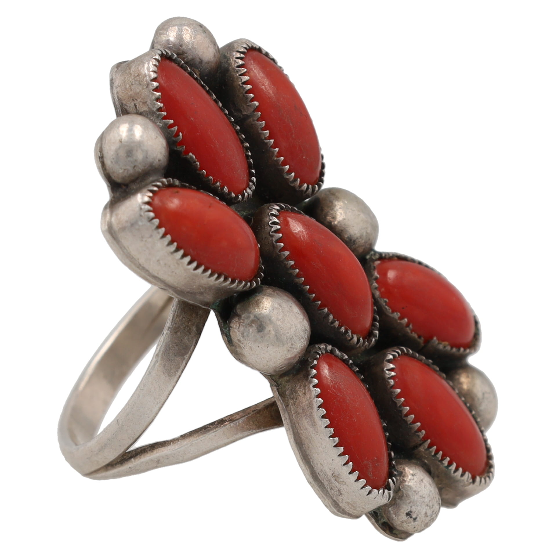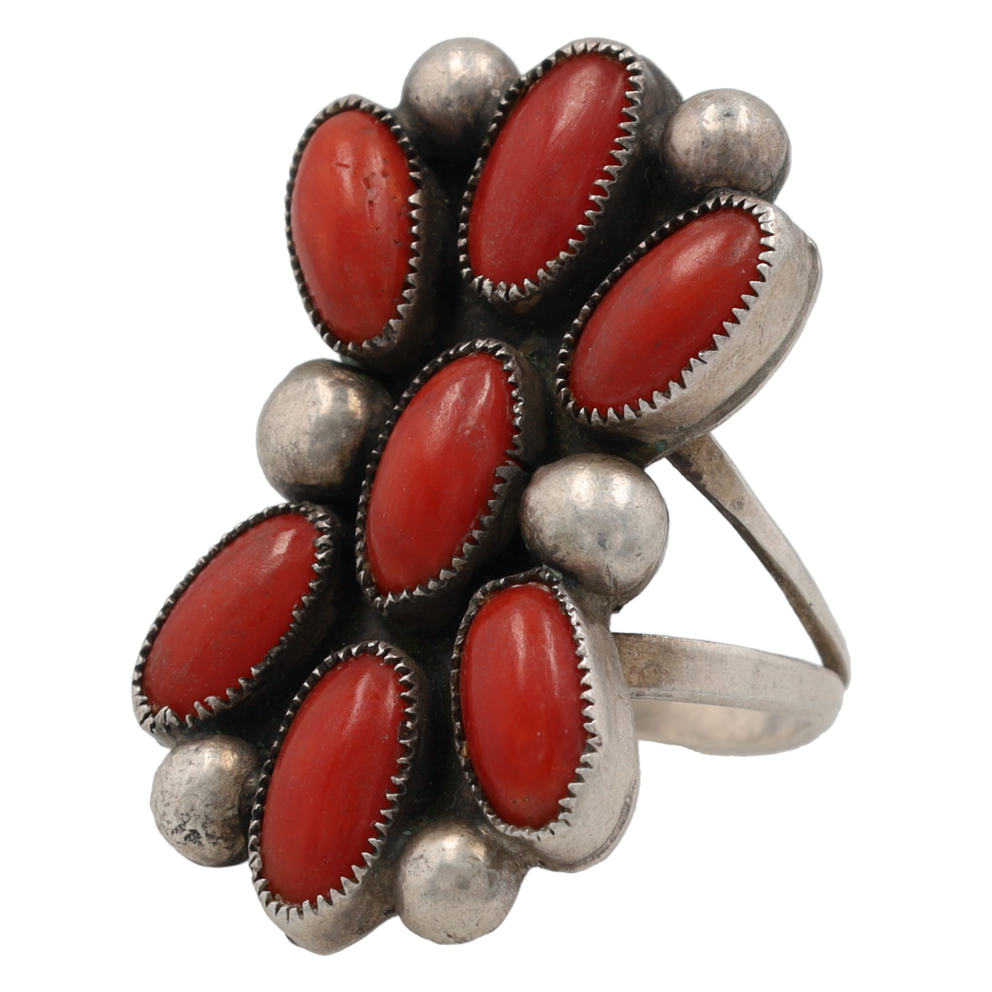Vintage Navajo Sterling Coral Cluster Ring Sz. 8.25, 10g
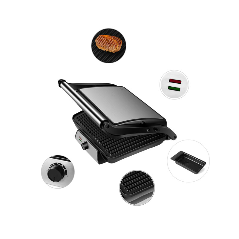 | Caractéristiques | Poignée sûre au toucher froid ; Bac de récupération pour récupérer l'excès d'huile ; Bouton de contrôle de température réglable ; Revêtement antiadhésif pour un nettoyage facile ; Le système de charnières flottantes s'ajuste automatiquement à n'importe quelle taille de pain grillé, de viande ou de collation. Peut s'ouvrir à 180° comme un gril ouvert. Lumières allumées et prêtes. Pieds antidérapants. |
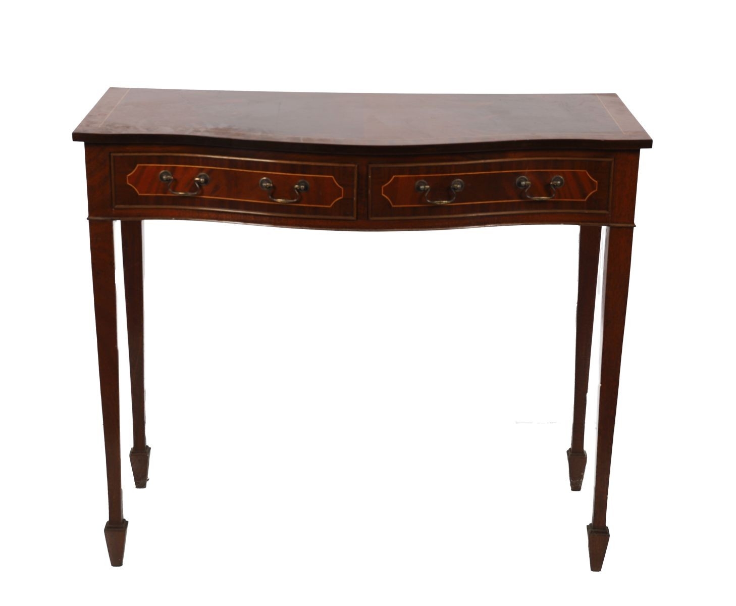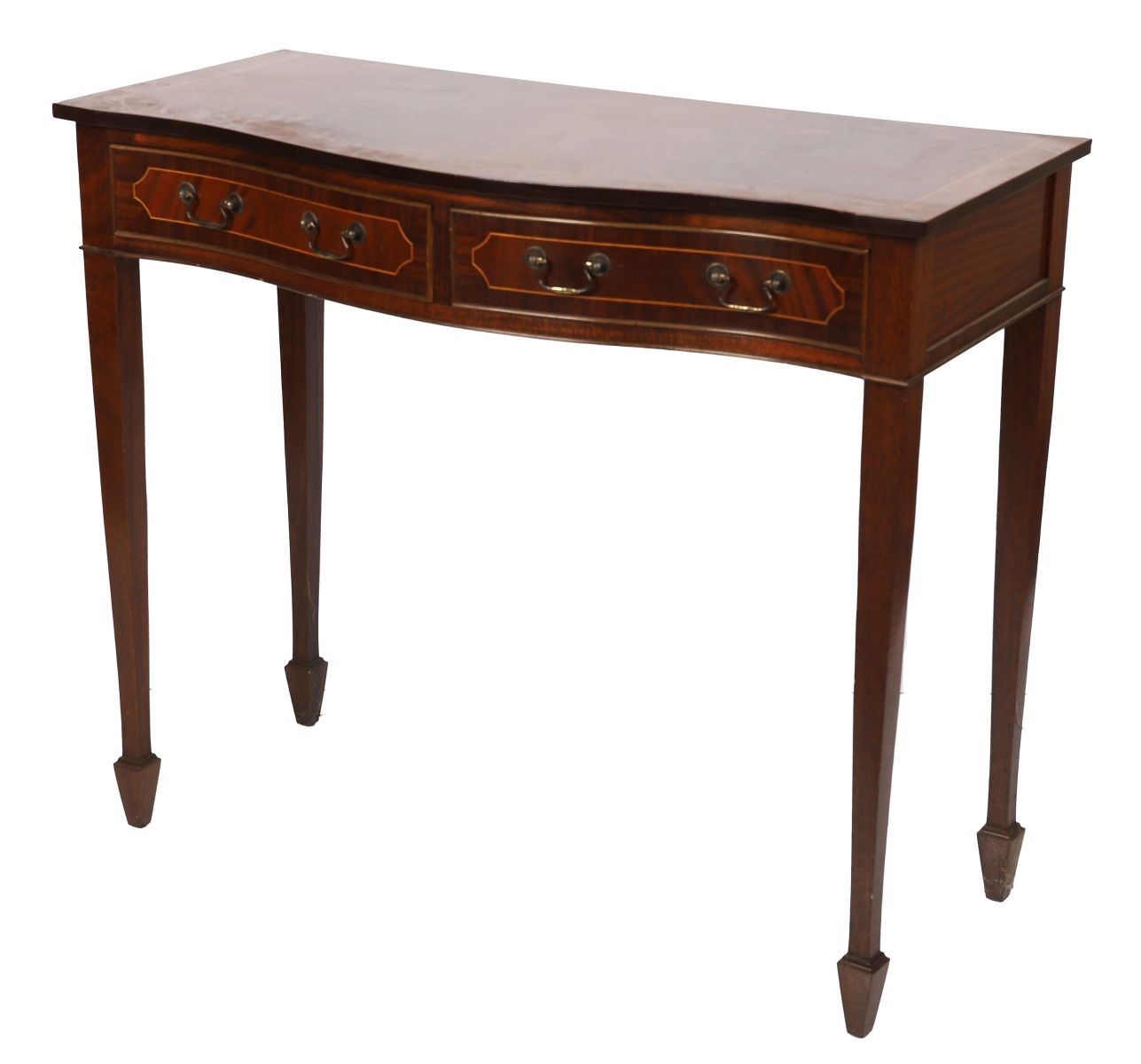 the rectangular-shaped top with serpentine front above two frieze drawers furnished with brass scroll handles, raised on square tapered legs terminating on spade feet. 85 cm. high; 100 cm. wide; 46 cm. deep FURNITURE Tuesday 25th November 2025 11:06:57
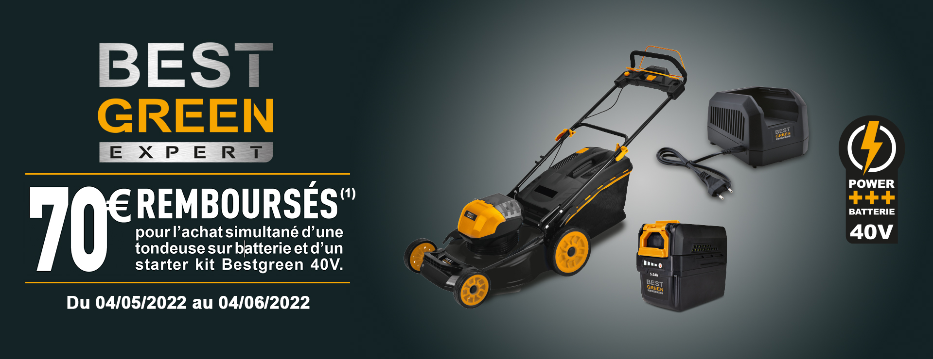 70€ REMBOURSÉS pour l’achat simultané d’une tondeuse sur batterie et d’un starter kit Bestgreen 40V.
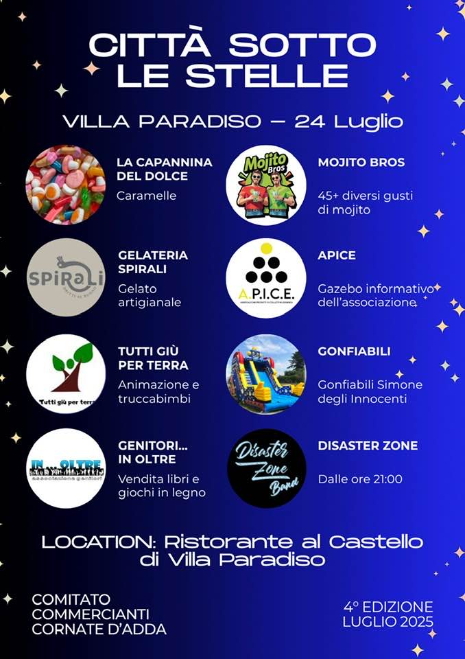Quarto e ultimo appuntamento con "Città sotto le stelle", la kermesse estiva organizzata dal Comitato Commercianti di Cornate con il patrocinio del Comune e la collaborazione di Protezione civile e Confcommercio Vimercate. Dopo il grande successo di Cornate, Porto e Colnago, giovedì sera è la volta di Villa Paradiso. Bancarelle, gonfiabili, musica, street food, attrazioni sportive e molto altro animeranno il cortile del Castello.
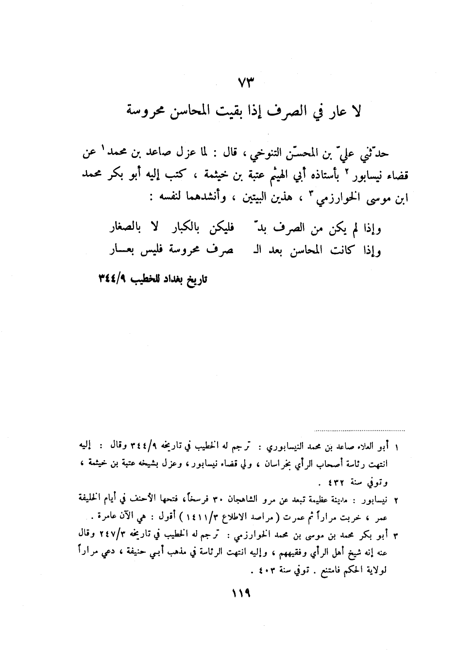 73 لا عار في الصرف إذا بقيت المحاسن محروسة
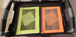 Making her way over to the cart, she studies the contents on top as the comb-bound documents draw her eyes. And on cue, owner Nicole zips by again.
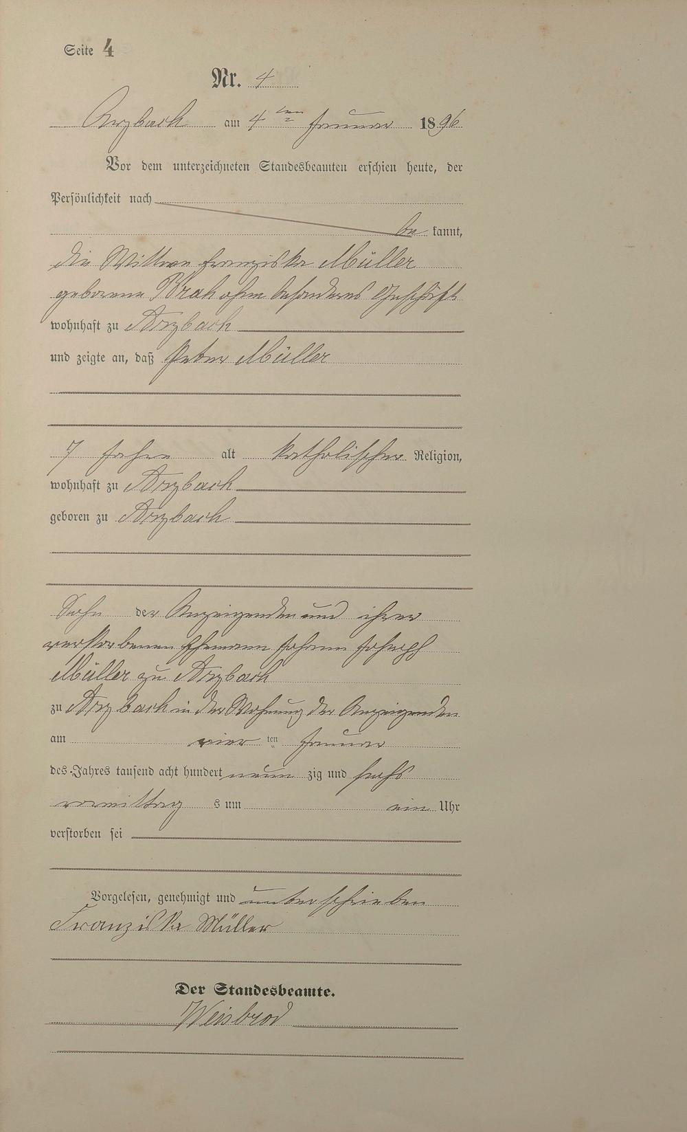Sterberegister 1896
== == ==
### [Work item]
Please print every record exactly as written, without the pictures.

### [Answer area]
Vintage Navajo Sterling Coral Cluster Ring Sz. 8.25, 10g
 | Caractéristiques | Poignée sûre au toucher froid ; Bac de récupération pour récupérer l'excès d'huile ; Bouton de contrôle de température réglable ; Revêtement antiadhésif pour un nettoyage facile ; Le système de charnières flottantes s'ajuste automatiquement à n'importe quelle taille de pain grillé, de viande ou de collation. Peut s'ouvrir à 180° comme un gril ouvert. Lumières allumées et prêtes. Pieds antidérapants. |
 the rectangular-shaped top with serpentine front above two frieze drawers furnished with brass scroll handles, raised on square tapered legs terminating on spade feet. 85 cm. high; 100 cm. wide; 46 cm. deep FURNITURE Tuesday 25th November 2025 11:06:57
 70€ REMBOURSÉS pour l’achat simultané d’une tondeuse sur batterie et d’un starter kit Bestgreen 40V.
Quarto e ultimo appuntamento con "Città sotto le stelle", la kermesse estiva organizzata dal Comitato Commercianti di Cornate con il patrocinio del Comune e la collaborazione di Protezione civile e Confcommercio Vimercate. Dopo il grande successo di Cornate, Porto e Colnago, giovedì sera è la volta di Villa Paradiso. Bancarelle, gonfiabili, musica, street food, attrazioni sportive e molto altro animeranno il cortile del Castello.
 73 لا عار في الصرف إذا بقيت المحاسن محروسة
 Making her way over to the cart, she studies the contents on top as the comb-bound documents draw her eyes. And on cue, owner Nicole zips by again.
Sterberegister 1896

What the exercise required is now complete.